EXERCISE INSTRUCTIONS —
Nothing but the lines below from the one holding "- 茄子豆角炒猪颈肉,这个炒得很好吃,很香,三种食材搭配得天衣无缝" up to and including the one holding "A weapon is" should be copied, exactly and without pictures.

PROVIDED RECORDS —
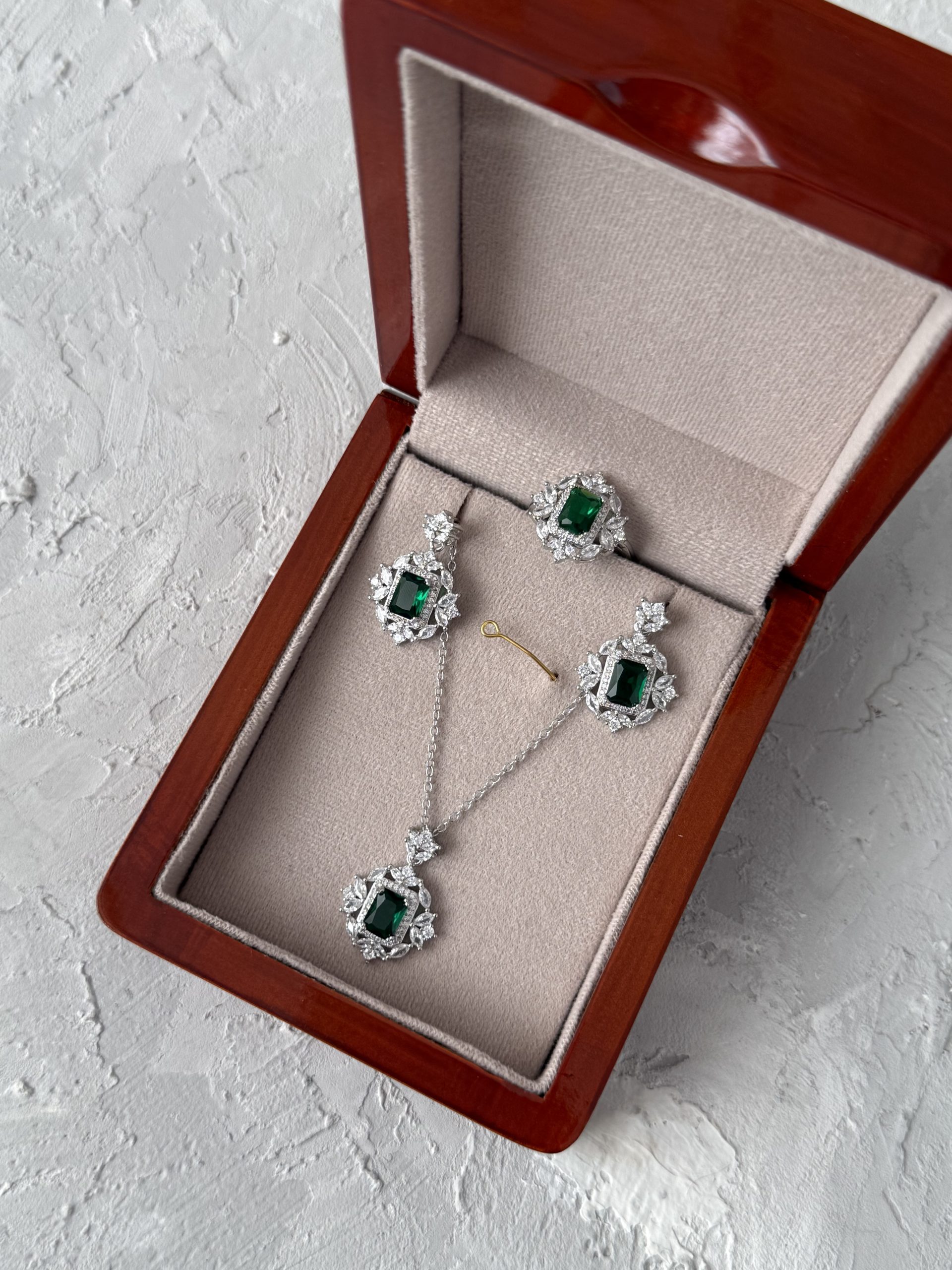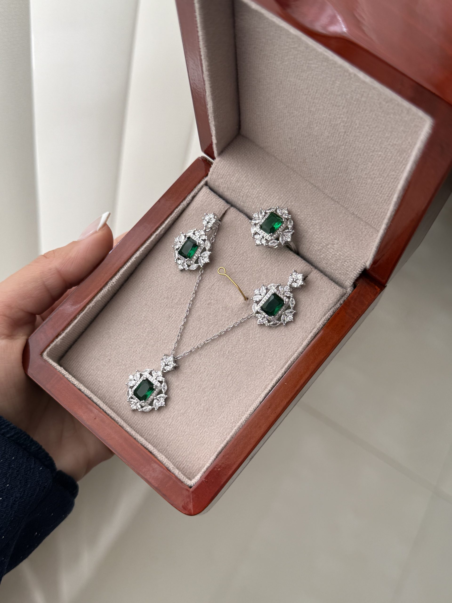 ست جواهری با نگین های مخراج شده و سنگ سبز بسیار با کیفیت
...
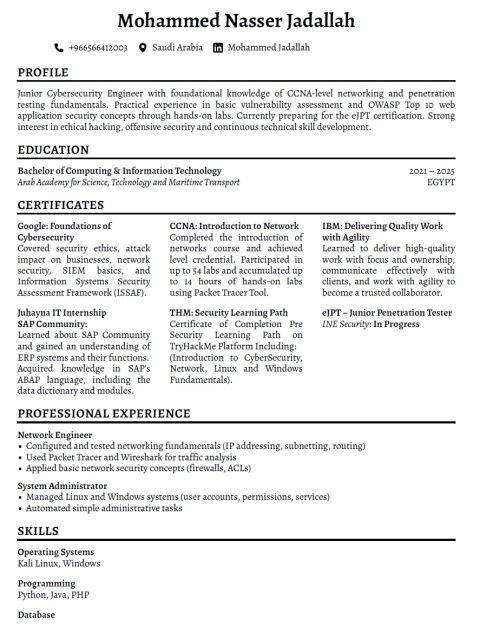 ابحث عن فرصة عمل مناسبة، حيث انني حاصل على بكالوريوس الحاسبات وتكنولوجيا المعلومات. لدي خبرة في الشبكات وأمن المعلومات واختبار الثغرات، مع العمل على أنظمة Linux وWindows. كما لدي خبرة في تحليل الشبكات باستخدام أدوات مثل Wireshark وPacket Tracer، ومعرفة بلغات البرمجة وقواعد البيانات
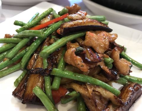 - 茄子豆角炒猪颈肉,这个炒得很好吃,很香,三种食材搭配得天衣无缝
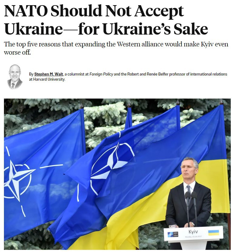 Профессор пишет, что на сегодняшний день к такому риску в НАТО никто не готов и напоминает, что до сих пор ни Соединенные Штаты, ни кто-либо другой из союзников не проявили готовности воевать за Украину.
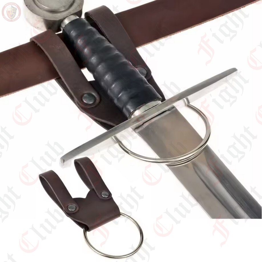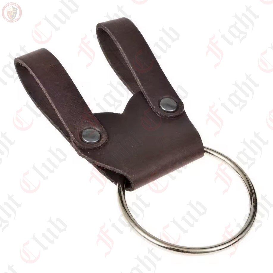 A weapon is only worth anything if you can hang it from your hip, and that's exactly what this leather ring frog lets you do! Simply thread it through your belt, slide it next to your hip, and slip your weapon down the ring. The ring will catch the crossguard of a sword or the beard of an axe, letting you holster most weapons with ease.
...
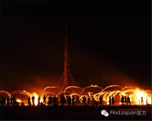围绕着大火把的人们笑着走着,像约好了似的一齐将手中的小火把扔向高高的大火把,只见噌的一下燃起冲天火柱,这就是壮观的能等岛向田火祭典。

ANSWER SPACE —
 - 茄子豆角炒猪颈肉,这个炒得很好吃,很香,三种食材搭配得天衣无缝
 Профессор пишет, что на сегодняшний день к такому риску в НАТО никто не готов и напоминает, что до сих пор ни Соединенные Штаты, ни кто-либо другой из союзников не проявили готовности воевать за Украину.
 A weapon is only worth anything if you can hang it from your hip, and that's exactly what this leather ring frog lets you do! Simply thread it through your belt, slide it next to your hip, and slip your weapon down the ring. The ring will catch the crossguard of a sword or the beard of an axe, letting you holster most weapons with ease.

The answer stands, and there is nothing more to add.